I'm Here and I'm Taking ALL CHA Orders!!

Please allow me to begin by saying a HUGE THANK YOU to everyone who has contacted me in any way since I posted about the loss of my darling little dog, Gucci.  I've had comments from you on the blog, countless emails (almost 4,000 emails!!), Facebook posts, Cricut Message Board messages, many telephone calls (from all over the world!!) and some of you even sent gorgeous Sympathy cards to me.  Please just know that in whatever manner all of you chose to reach out to me, every single one of your very kind words have touched my heart and have offered me a great deal of comfort.  Thank you so much for your amazing thoughtfulness.  I have not been able to respond to all of you directly because in the past week and a half since Gucci's death, I have received almost 4,000 new emails, which you might imagine has literally overwhelmed me.  Please allow this post to serve as my heart-felt thank you to each and every one of you.

The next order of business is that it turned out that I needed a bit more time to grieve than I'd initially thought, so I am just now really returning to work.  However, last week I did already begin the process of placing various CHA orders with several manufacturers and vendors and I am continuing to do so this week, so please, get your pre-orders emailed to me ASAP so that I know I'm getting the correct quantities of everything ordered for you.  If there are any products you're interested in besides the big, obvious ones that I always order, please don't hesitate to ask me about ordering them for you.  You can either email me, or you are ALWAYS welcome to call me on my home office # (after 10AM Pacific Time!!) at (714) 964-0656.

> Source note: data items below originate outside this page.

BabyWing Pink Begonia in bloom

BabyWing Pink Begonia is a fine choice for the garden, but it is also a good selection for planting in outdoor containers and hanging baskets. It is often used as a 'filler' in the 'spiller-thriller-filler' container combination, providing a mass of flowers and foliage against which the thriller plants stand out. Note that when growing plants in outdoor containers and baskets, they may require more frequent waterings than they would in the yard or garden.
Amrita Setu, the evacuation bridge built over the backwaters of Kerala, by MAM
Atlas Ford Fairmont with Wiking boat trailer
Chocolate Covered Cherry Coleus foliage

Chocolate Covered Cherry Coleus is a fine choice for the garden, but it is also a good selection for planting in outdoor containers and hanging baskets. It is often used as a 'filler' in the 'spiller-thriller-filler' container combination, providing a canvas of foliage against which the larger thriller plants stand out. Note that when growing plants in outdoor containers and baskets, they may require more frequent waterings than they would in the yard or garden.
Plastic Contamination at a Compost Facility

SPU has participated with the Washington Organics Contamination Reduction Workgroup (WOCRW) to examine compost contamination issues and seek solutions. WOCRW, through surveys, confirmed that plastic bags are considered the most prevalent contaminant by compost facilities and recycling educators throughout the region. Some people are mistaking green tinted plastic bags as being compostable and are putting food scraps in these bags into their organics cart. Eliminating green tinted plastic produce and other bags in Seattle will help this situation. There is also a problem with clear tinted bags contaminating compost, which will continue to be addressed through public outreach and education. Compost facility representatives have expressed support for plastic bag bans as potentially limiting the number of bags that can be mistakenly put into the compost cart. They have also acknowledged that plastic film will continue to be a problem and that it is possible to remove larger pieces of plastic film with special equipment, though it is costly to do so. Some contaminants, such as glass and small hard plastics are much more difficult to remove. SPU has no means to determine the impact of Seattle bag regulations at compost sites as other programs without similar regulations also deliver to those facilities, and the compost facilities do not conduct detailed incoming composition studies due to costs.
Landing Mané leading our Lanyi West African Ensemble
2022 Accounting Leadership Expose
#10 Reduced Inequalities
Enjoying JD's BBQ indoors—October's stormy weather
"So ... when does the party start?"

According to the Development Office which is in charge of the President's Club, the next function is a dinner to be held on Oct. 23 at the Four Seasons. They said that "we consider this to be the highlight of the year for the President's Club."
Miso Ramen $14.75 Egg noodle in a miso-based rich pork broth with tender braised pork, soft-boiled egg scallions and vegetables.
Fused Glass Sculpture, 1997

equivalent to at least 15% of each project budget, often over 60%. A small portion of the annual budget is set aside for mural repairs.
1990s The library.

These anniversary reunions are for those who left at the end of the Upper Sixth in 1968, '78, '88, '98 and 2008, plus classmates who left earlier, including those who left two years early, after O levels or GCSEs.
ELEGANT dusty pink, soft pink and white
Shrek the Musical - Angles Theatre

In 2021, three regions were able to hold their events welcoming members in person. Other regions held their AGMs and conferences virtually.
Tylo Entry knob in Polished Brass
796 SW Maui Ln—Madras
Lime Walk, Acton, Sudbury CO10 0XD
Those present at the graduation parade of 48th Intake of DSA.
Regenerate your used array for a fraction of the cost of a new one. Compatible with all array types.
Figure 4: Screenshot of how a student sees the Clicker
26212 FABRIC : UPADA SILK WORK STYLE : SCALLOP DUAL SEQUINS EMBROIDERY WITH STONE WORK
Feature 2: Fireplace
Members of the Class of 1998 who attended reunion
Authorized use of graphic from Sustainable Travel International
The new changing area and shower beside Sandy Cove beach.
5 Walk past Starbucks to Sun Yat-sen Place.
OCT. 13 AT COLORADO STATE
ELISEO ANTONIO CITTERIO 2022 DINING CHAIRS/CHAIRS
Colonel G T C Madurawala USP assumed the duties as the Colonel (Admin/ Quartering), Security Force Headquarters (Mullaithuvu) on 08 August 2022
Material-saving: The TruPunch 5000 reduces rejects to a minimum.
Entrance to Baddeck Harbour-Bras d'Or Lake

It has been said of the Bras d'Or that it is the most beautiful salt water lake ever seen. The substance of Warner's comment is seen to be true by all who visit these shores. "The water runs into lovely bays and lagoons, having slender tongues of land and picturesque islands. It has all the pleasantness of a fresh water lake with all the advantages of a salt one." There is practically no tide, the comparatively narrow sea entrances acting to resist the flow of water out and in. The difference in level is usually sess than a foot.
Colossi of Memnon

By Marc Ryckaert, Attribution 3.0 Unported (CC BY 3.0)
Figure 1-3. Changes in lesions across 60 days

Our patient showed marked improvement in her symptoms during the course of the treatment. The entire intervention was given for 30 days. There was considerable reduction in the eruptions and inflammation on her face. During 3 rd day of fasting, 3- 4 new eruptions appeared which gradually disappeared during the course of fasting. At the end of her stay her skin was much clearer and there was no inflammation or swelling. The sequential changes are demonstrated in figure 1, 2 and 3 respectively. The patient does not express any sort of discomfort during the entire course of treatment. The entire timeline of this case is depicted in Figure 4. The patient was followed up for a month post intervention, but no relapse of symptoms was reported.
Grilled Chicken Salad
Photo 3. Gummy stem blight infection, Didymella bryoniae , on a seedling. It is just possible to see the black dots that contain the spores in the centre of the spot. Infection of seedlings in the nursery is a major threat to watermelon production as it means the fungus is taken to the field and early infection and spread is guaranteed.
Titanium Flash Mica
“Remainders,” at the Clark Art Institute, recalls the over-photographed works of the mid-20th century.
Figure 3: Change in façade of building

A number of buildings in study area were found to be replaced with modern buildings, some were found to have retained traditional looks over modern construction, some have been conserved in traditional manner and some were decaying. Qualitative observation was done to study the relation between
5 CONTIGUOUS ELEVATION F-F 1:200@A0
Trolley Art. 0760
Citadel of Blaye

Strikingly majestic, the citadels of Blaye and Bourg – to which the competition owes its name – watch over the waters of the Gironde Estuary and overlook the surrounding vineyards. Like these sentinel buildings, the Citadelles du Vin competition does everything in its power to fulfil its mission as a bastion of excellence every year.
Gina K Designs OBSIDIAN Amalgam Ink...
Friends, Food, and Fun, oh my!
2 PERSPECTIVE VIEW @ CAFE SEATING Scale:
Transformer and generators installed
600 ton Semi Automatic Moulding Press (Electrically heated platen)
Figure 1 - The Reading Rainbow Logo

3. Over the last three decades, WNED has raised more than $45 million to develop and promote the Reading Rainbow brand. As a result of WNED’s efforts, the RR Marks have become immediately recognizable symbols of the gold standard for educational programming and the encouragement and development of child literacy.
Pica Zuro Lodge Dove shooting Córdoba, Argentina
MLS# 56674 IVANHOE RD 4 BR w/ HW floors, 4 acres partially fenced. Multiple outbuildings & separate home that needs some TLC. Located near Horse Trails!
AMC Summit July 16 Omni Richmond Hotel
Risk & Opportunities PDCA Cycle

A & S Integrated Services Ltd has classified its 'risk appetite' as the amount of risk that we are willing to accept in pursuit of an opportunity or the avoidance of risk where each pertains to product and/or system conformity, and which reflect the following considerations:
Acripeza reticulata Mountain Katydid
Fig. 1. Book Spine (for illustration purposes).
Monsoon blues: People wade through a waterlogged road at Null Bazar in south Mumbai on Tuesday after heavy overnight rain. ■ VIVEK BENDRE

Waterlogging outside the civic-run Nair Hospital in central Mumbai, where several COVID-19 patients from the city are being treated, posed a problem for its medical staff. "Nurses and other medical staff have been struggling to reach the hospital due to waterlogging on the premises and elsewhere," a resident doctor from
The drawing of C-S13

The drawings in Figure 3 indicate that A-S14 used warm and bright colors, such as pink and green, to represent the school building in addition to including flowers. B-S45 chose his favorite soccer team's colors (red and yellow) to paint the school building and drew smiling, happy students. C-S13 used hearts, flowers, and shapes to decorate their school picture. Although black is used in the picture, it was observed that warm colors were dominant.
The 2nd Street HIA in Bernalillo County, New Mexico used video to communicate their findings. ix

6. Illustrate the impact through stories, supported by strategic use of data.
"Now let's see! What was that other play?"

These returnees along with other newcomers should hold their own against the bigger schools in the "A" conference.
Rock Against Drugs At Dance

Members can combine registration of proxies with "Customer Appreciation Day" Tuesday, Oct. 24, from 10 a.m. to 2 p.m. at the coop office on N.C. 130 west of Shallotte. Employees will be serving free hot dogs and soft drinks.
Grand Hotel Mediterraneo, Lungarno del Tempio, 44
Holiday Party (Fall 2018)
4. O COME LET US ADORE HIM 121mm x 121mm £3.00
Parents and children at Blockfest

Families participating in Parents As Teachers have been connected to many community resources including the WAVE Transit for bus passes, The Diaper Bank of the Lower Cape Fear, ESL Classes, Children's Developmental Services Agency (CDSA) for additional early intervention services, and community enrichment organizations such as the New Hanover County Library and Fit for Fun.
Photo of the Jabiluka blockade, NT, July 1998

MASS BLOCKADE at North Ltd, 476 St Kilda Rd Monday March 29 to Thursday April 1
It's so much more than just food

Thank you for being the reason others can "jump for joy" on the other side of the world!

As always, my prices on all the new CHA Releases are far below the Retail/MSRP prices, typically averaging at least 25% (or more) below the MSRP.  There will always be some exceptions, based on certain manufacturer's restrictions that they place on retailers, but they are very far and few between.

To email your orders to me, please send them to glendascreativeplace@yahoo.com and PLEASE put the word: "ORDER" in your email subject line, so that I can easily separate your orders from the very thoughtful condolence messages that continue to pour in.  Please include the names of the manufacturer and the actual item(s) you want, and if you happen to have the product code for your item(s), that most certainly helps speed things up and is deeply appreciated by me!!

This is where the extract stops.